One Shared Link Could Hand Over an Entire Enterprise AI Tenant
Also on July 7, the Sand Security research team disclosed a now-patched flaw in Writer, the enterprise AI platform, that they codenamed WriteOut. The flaw let an attacker create an agent in their own account and share a preview link. A signed-in victim who clicked it handed over their session, and from there the attacker could reach the victim’s private chats, documents, agent configurations, private models, connectors, and stored model credentials — cross-tenant, from nothing but a link.
The cause was a live-preview feature that forwarded the user’s session cookie into the sandboxed preview; Writer fixed it by withholding the cookie and moving previews to an isolated origin. Tenant isolation is the whole promise of multi-tenant SaaS, and it held right up until a convenience feature carried a credential across the boundary it was meant to enforce. A secret that sits in plaintext where the system can forward it is a secret waiting to be forwarded somewhere it shouldn’t go.
A 16-Year-Old Bug Lets One Cloud Tenant Escape Onto the Host
A use-after-free bug in Linux’s KVM hypervisor, disclosed July 6 and dubbed Januscape (CVE-2026-53359), lets code inside a guest virtual machine corrupt the host kernel running it. The public proof-of-concept crashes the host — which by itself takes down every other tenant VM on that physical machine — and researcher Hyunwoo Kim says a separate, unreleased exploit turns the same bug into full code execution on the host. It lives in shadow-MMU code shared by both Intel and AMD, and went unnoticed for roughly sixteen years.
The attack needs root inside the VM, ordinary on a rented cloud instance, plus nested virtualization.
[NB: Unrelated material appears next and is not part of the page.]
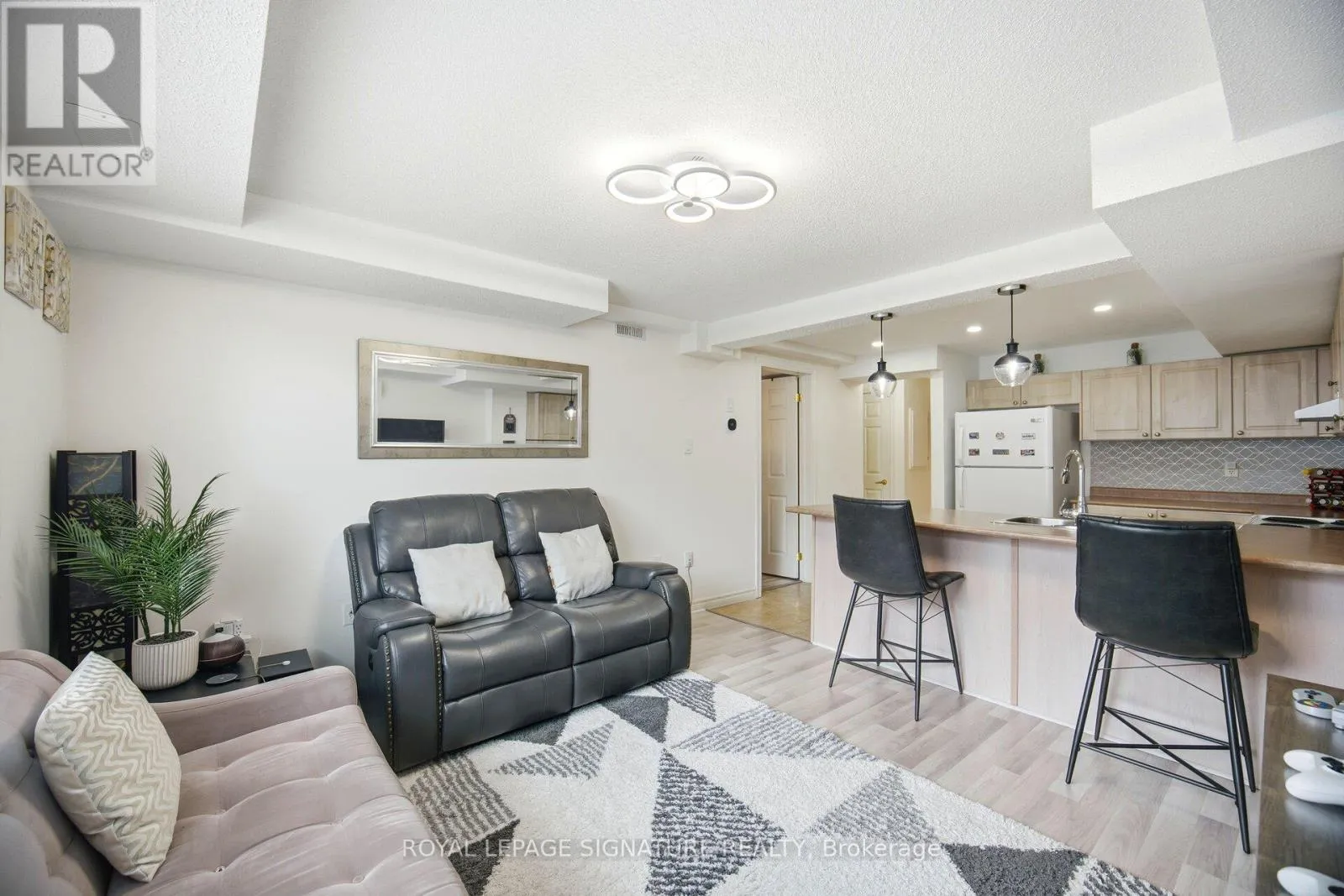MAPLEVIEW DR TO GOODWIN DR AN EXCELLENT OPPORTUNITY FOR FIRST-TIME BUYERS, DOWNSIZERS, SENIORS, OR INVESTORS. WALKABLE CONVENIENCE AND EASY COMMUTING. Meticulously maintained and move-in ready. bright corner-unit condo "townhouse Styled" offers the perfect blend of style, comfort, and convenience. Located in a quiet, low-rise, family-friendly development, this turn-key 1-bedroom home is flooded with natural light thanks to its corner exposure and large windows. The open-concept main level features laminate flooring, a spacious living area, and a modern eat-in kitchen complete with backsplash, upgraded pot lights, and all appliances included-ideal for everyday living and entertaining. The kitchen was tastefully updated in2023. The generously sized bedroom offers excellent views and is equipped with a high-efficiency heating and cooling system for year-round comfort. Equipped With A full 4-piecebathroom. Additional features include a dedicated utility room, in-suite laundry, one parking space, and professional painting completed prior to listing. Enjoy low condo fees, low utility costs, and truly maintenance-free living with no snow removal or grass cutting. The development is kid-friendly and includes its own playground, with convenient mobility access and parking close to the unit. Ideally situated just minutes from Barrie South GO Station, Mapleview Shopping Area, top-rated schools, grocery stores, restaurants, and major amenities. (id:27476)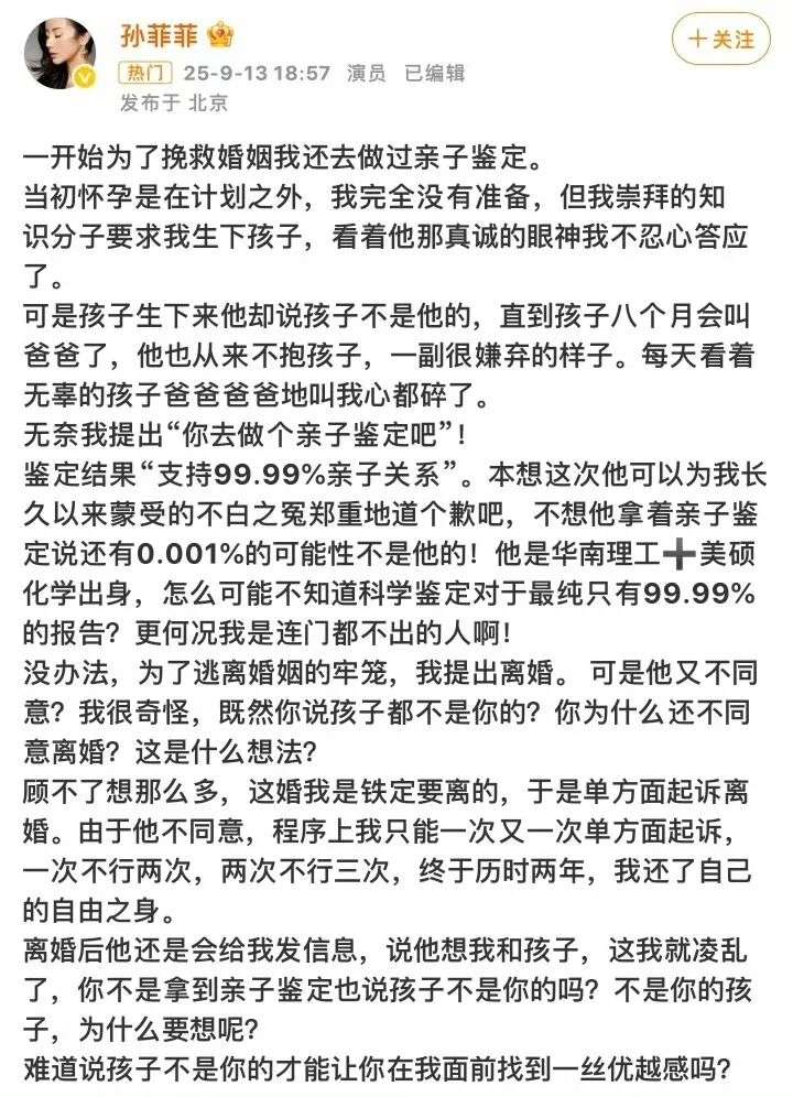 为自证清白,孙菲菲主动做了亲子鉴定。结果显示“支持99.99%亲子关系”,这本是生物学黄金标准。

It breaks the assumption confidential computing rests on: that a hardware and hypervisor line will keep one tenant’s computation sealed off from the next.
The Machine That Breaks Today’s Encryption Just Got Measurably Closer
The post-quantum debate turns on one question — when does a quantum computer get good enough to break RSA — and this month it got a concrete data point. Researchers at the University of Sydney and IBM, publishing in Nature Communications, pinned down a dominant error source on today’s machines: the mid-circuit measurements that error correction relies on force the rest of the processor to idle, and that idle time leaks noise. Redesigning the correction circuitry to cut the idling lifted logical-qubit survival from below 90% to over 96% per cycle, on a 156-qubit IBM Heron chip.
That’s not a cryptographically relevant machine, and the authors don’t claim one. But error correction is the gate between the noisy processors we have and the fault-tolerant ones Shor’s algorithm needs, and this is a step in that direction. The timeline for reading today’s harvested traffic is set in labs like this, and it keeps shortening.
Connecticut Just Made Your Brain Data Sensitive by Law
On July 1, Connecticut’s expanded Data Privacy Act took effect, and its most striking addition is neural data — information measured from a person’s nervous system, which it now classifies as sensitive, alongside biometric and genetic data. Any company processing brainwave data from a Connecticut resident, however few users it has, needs explicit opt-in consent, and separate consent before selling it.
Consumer neurotechnology — EEG headbands, focus-tracking wearables — moved from novelty to regulated category faster than most expected. The law doesn’t specify how brain data must be secured. Rather, it fixes the consumer’s consent and rights and leaves the how to whoever holds the data.